*** Begin section ***
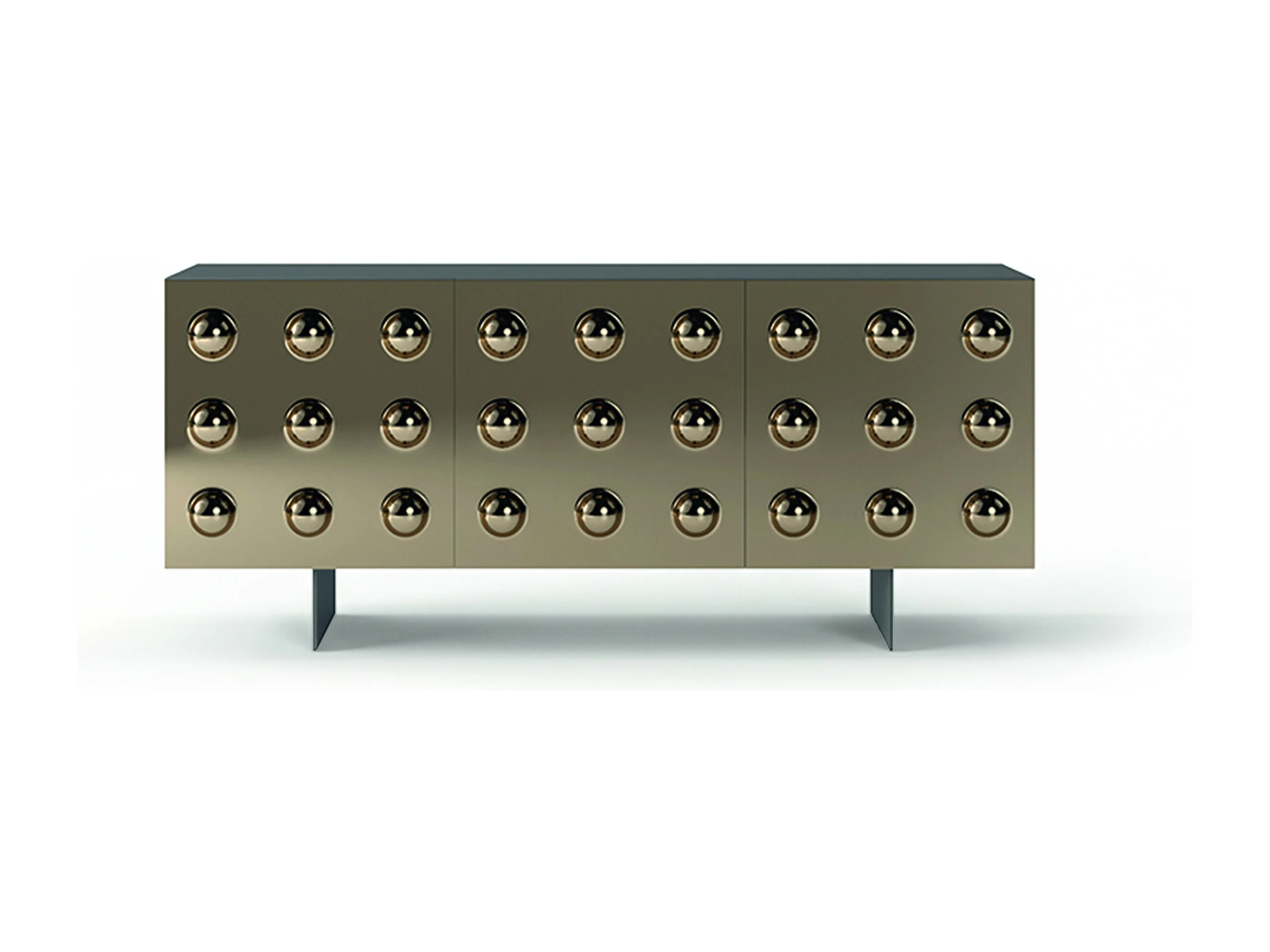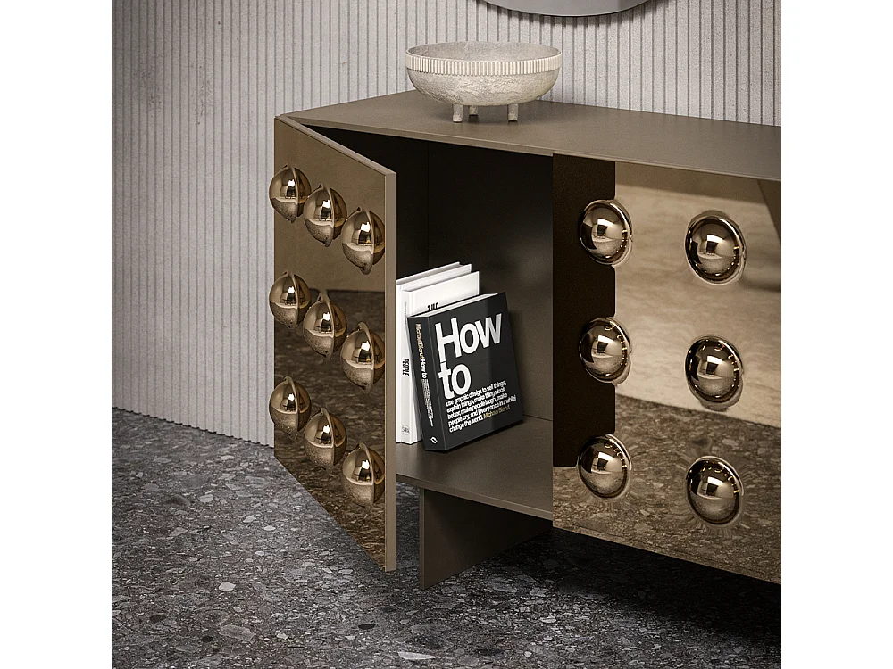 Buffet en pierre 3 portes avec base gris charbon et portes miroir bronzées
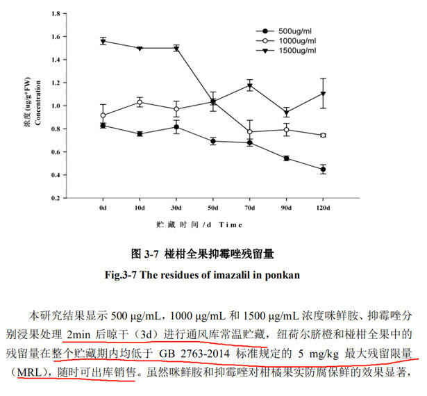 而最大濃度 1500 g/ml 濃度處理的椪柑,在整個儲存期,果肉中最高的殘留量也只有0.23微克/克,正常吃的風(fēng)險也幾乎可以忽略。
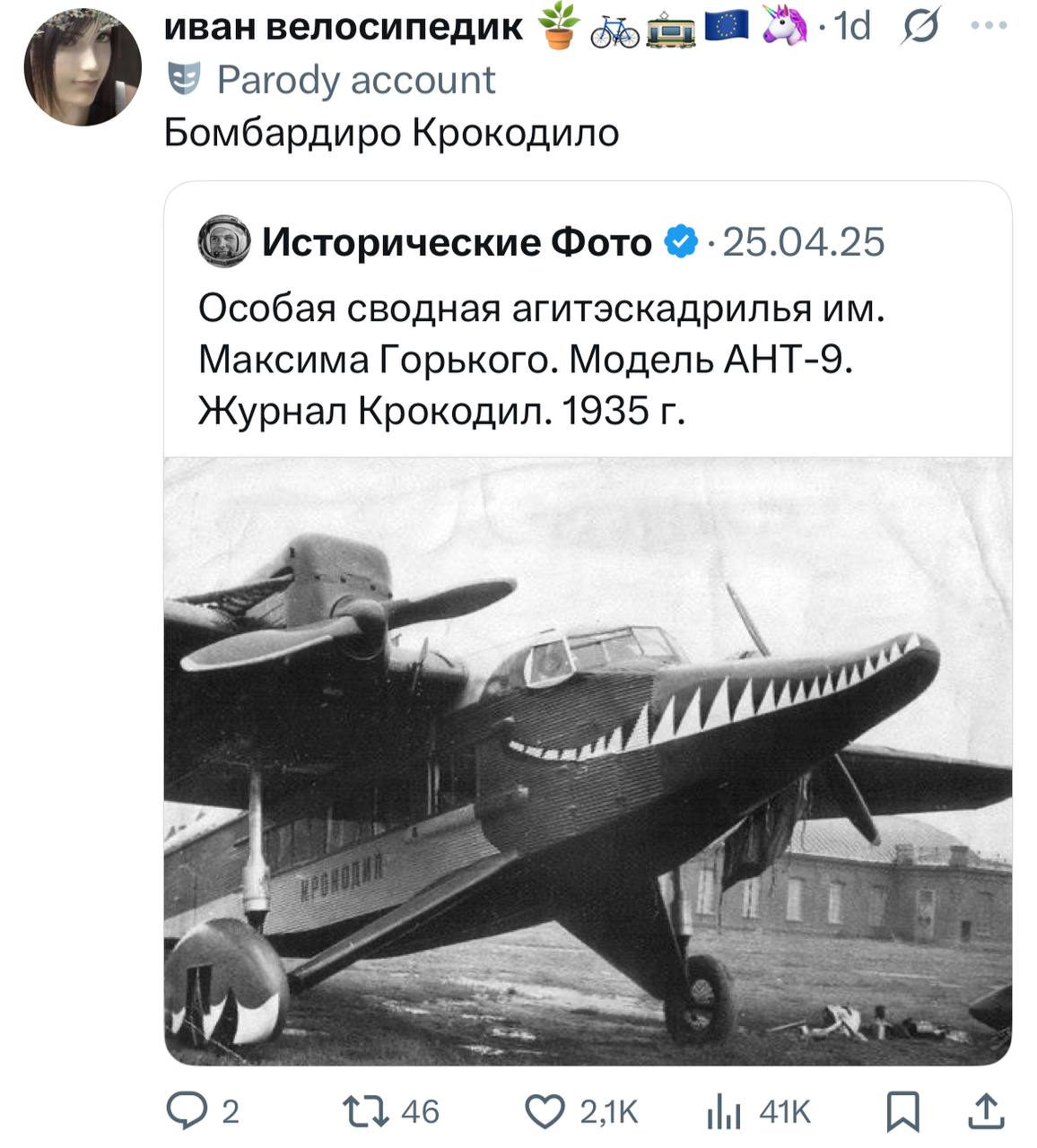 • Title: Бомбардиро-Крокодило: Первый Советский Прототип ✈️ (58 символов)
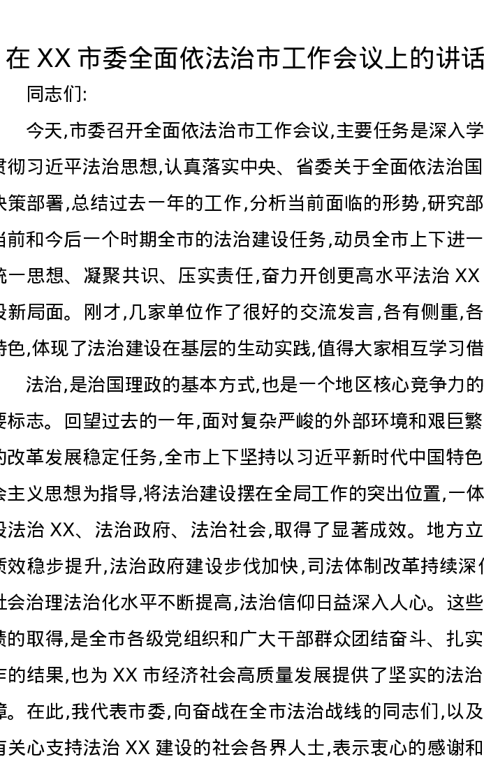 在XX市委全面依法治市工作会议上的讲话
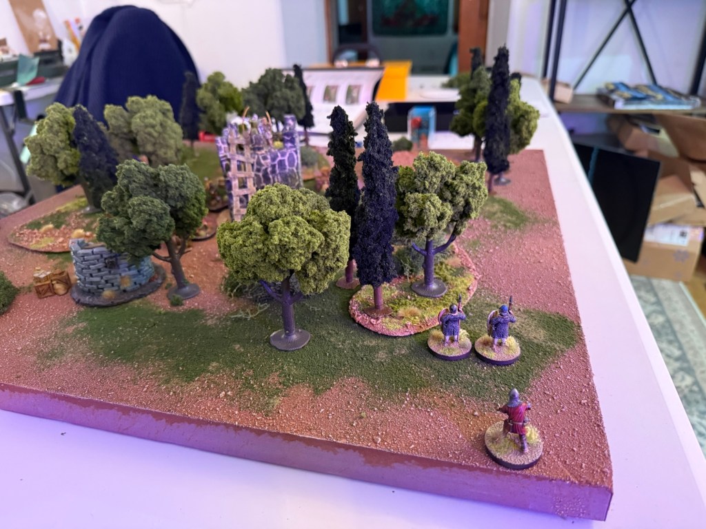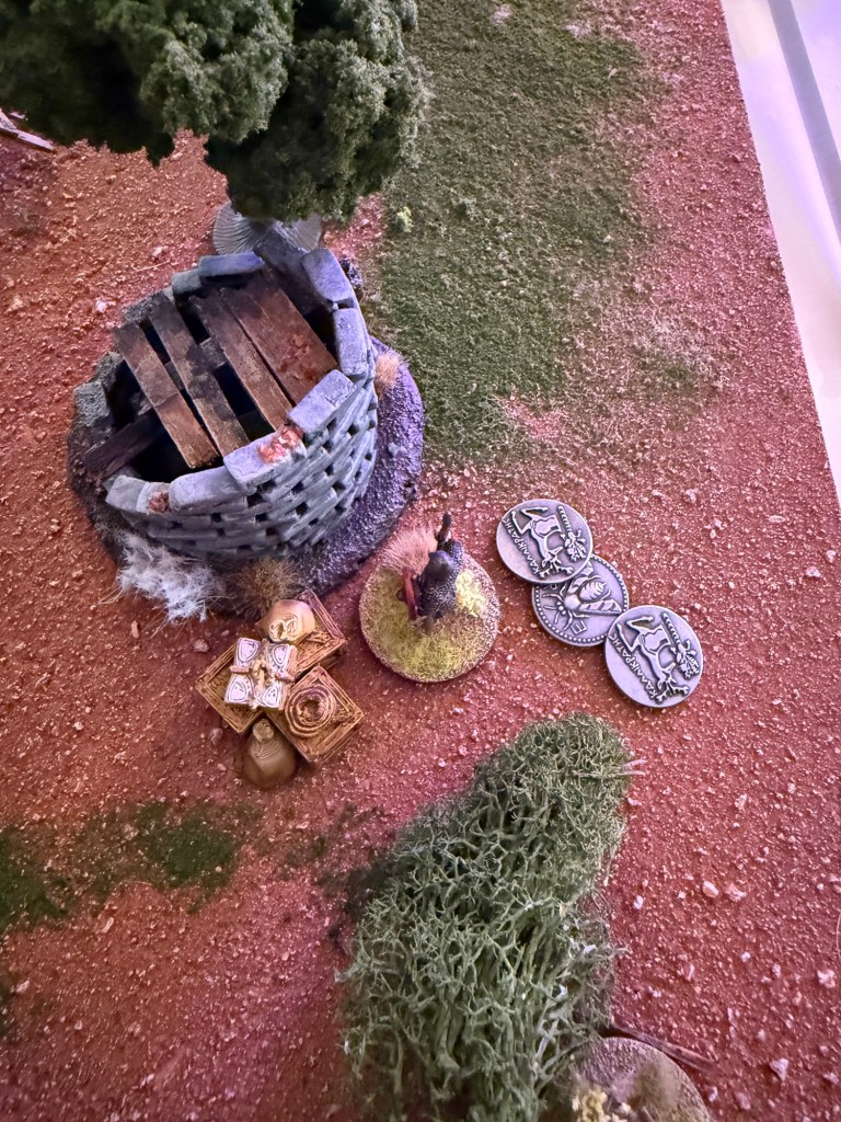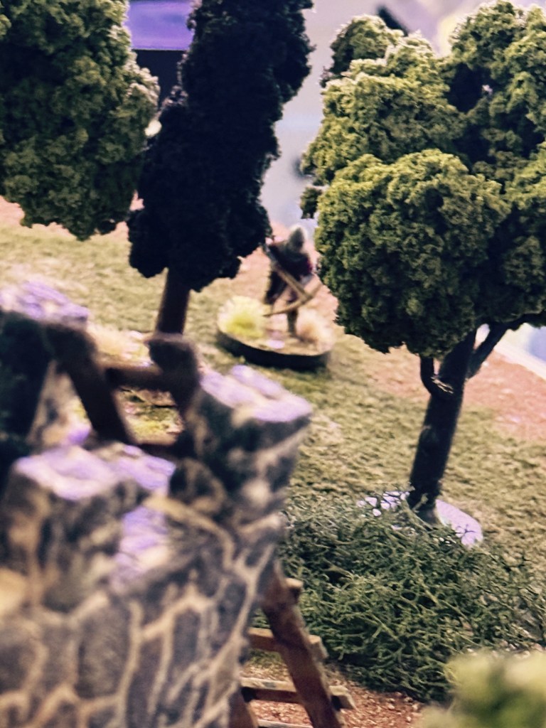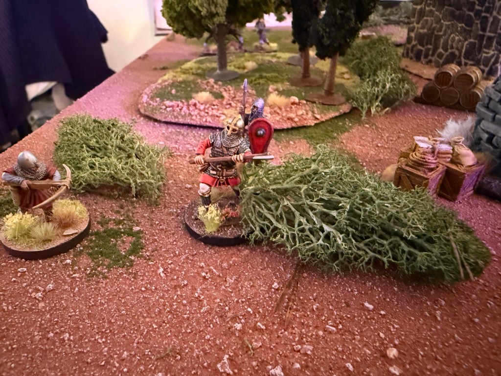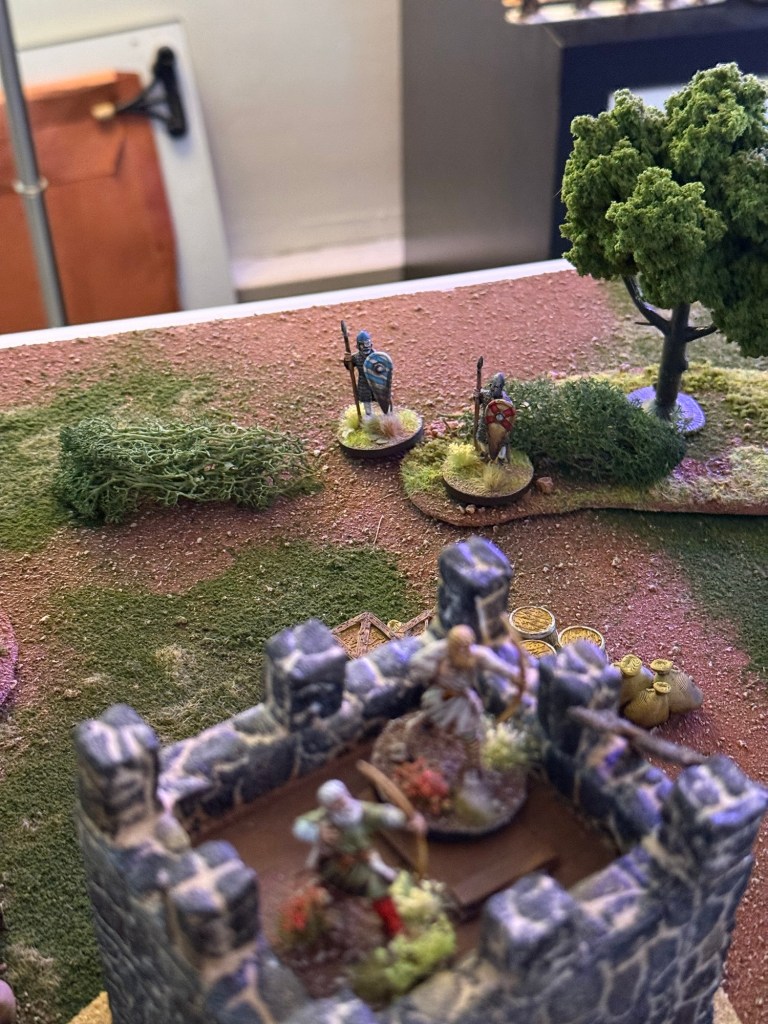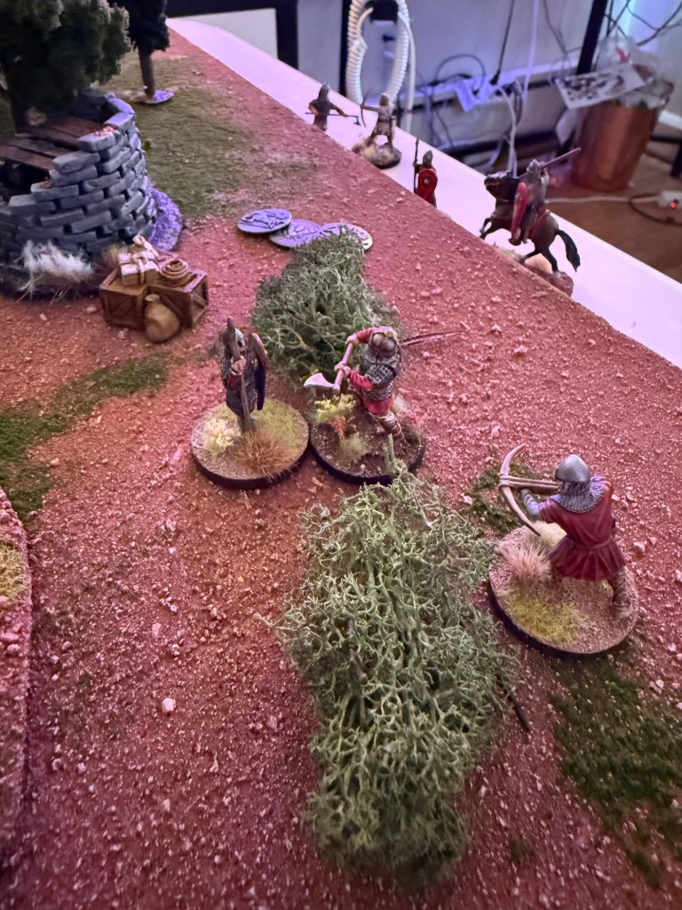 A rooftop Varangian bowman takes aim at a crossbowman. He needs a 6 due to range and misses on a result of 2. Second bowman shoots at the same target but also misses. *Missed rule: Bowmen can shoot twice if they don’t move. I remember this later in the game.
*** End section ***
> _The problem_
Everything above from the line that has "而最大濃度 1500 g/ml" down to the line that has "在XX市委全面依法治市工作会议上的讲话" should be output exactly, with both of those lines included. Leave the pictures behind.

> _Exercise output_
 而最大濃度 1500 g/ml 濃度處理的椪柑,在整個儲存期,果肉中最高的殘留量也只有0.23微克/克,正常吃的風(fēng)險也幾乎可以忽略。
 • Title: Бомбардиро-Крокодило: Первый Советский Прототип ✈️ (58 символов)
 在XX市委全面依法治市工作会议上的讲话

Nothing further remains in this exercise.